In Nora Ephron's Julie & Julia Meryl Streep plays the 6ft 2in cook, doing an uncanny impersonation of her distinctive, warbly voice and enthusiastic presenting style. Meanwhile Amy Adams plays Julie Powell, a New York blogger who documented her year-long attempt to cook each of the 524 recipes in Mastering the Art of French Cookery in 2002.
WHAT THE CRITICS SAID:Angie Errigo, Empire: "Streep is to die for, so funny, so touching, so brilliant - from her uncanny mimicry of Child's fluting, whooping voice to the subtle but heart-piercing way she suggests Julia's pain at being childless. The most pleasant surprise is Nora Ephron's direction, free of her cutesier signature touches and the running battles of the sexes. Not that there aren't girlie bits." (Verdict: four stars out of five)
Katha Politt, the Guardian: "What I loved most of all, though, was that Julie & Julia is that very rare thing, a movie centred on adult women, and that even rarer thing, a movie about women's struggle to express their gifts through work. Not a boyfriend, a fabulous wedding, a baby, a gay best friend, a better marriage, escape from a serial killer, the perfect work-family balance, another baby. Real life is full of women for whom work is at the centre, who crave creative challenge, who are miserable until they find a way to make a mark on the world."

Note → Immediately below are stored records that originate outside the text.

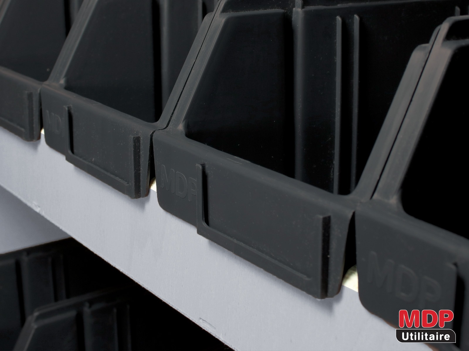 4 étageres avec 5 Bacs Moyen et 10 Bacs Grand, 1 Bandeau Amovible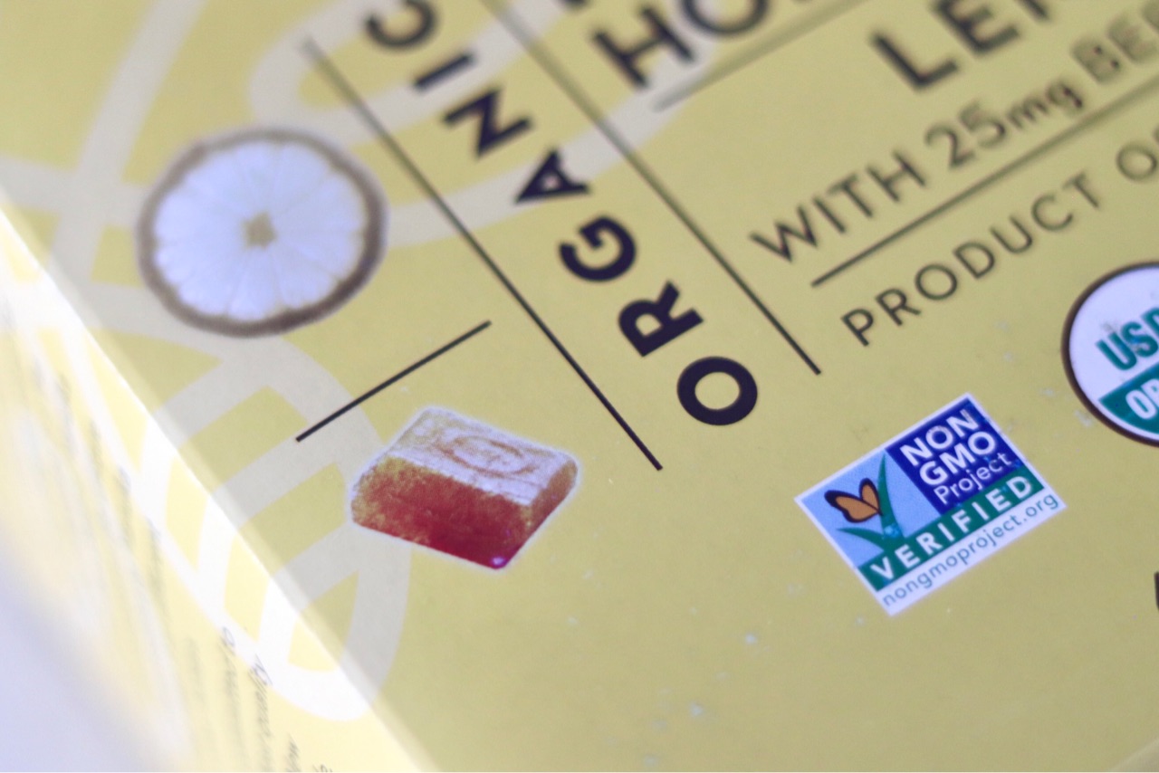 ingredientは、ケーンシュガー、マヌカハニー、ブラウンライスシロップ、レモンオイル、ユーカリプスオイルとプロポリスのみ。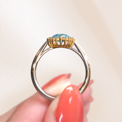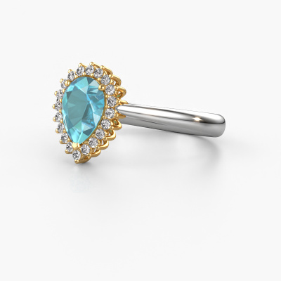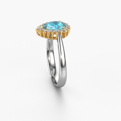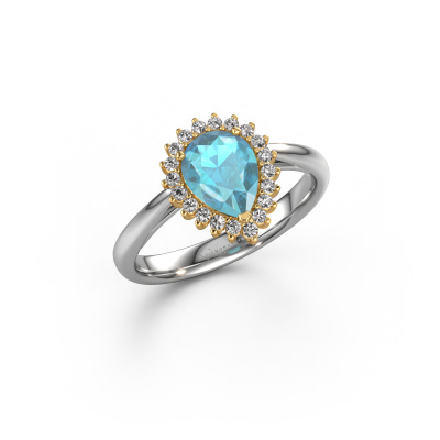 Bovenstaande verlovingsring heeft de naam Tilly per 1. Dit type verlovingsring noemen we een entourage ring, hierbij worden rondom de middensteen in een open zetting allemaal kleine edelstenen gezet. Deze verlovingsring uitgevoerd in 14 Carat witgoud heeft een peer blauw topaas van 8x6 mm als center steen met daaromheen kleine diamanten. Het opvallende aan deze exclusieve witgouden entourage verlovingsring is de vorm: de kleine edelstenen vormen samen met de blauw topaas een prachtige bloem, die lijkt samen te smelten tot één fonkelende edelsteen. Deze verlovingsring wordt ook wel de flower of de rozet verlovingsring genoemd. Onze meestergoudsmeden zorgen ervoor dat de kleinere diamanten allen op dezelfde manier geplaatst worden, zodat het licht niet onderbroken wordt in de blauw topaas en er inderdaad een prachtige eenheid gecreëerd wordt. Met een geoefend oog en een vaardige hand wordt iedere zorgvuldig geselecteerde blauw topaas in de verlovingsring geplaatst. Steeds opnieuw wordt de verlovingsring onder de loep gehouden om te zien of het speciale effect nog steeds zichtbaar is. Het resultaat is een unieke verlovingsring, waarbij de gekozen blauw topaas letterlijk het stralende middelpunt wordt. Wat een prachtige, betekenisvolle verlovingsring om te geven aan het stralende middelpunt in jouw leven! Onze goudsmeden vervaardigen pas je Tilly per 1 verlovingsring, zodra je deze besteld hebt. We hebben geen voorraden. Het voordeel hiervan is dat we de voorraad niet door hoeven te berekenen in de prijs, en kunnen daardoor sieraden leveren tegen een bijzonder lage prijs.Ons team is iedere dag weer bezig om nieuwe ontwerpen toe te voegen, in samenwerking met onze designers en goudsmeden wordt gekeken hoe we tot het mooiste ontwerp kunnen komen. Wij doen ons best om tot een zo gevarieerd mogelijk aanbod te komen. Wellicht heb je zelf al een mooi idee van een sieraad dat je ooit wel eens gezien hebt. Neem dan eens vrijblijvend contact met ons op. Wij maken een offerte voor je op waarbij wij vrij zeker zijn dat we wat betreft kwaliteit en prijs jou versteld zullen laten staan.Om het voor jou makkelijker te maken kun je ieder besteld sieraad binnen 30 dagen na aflevering eenvoudig weer retour sturen.

AO Scott, the New York Times: "The unevenness of Julie & Julia is nobody's fault, really. It arises from an inherent flaw in the film's premise. Julie is an insecure, enterprising young woman who found a gimmick and scored a book contract. Julia is a figure of such imposing cultural stature that her pots and pans are displayed at the Smithsonian. The fact that Ms Ephron, like Julie herself, is well aware of this gap does not prevent the film from falling into it."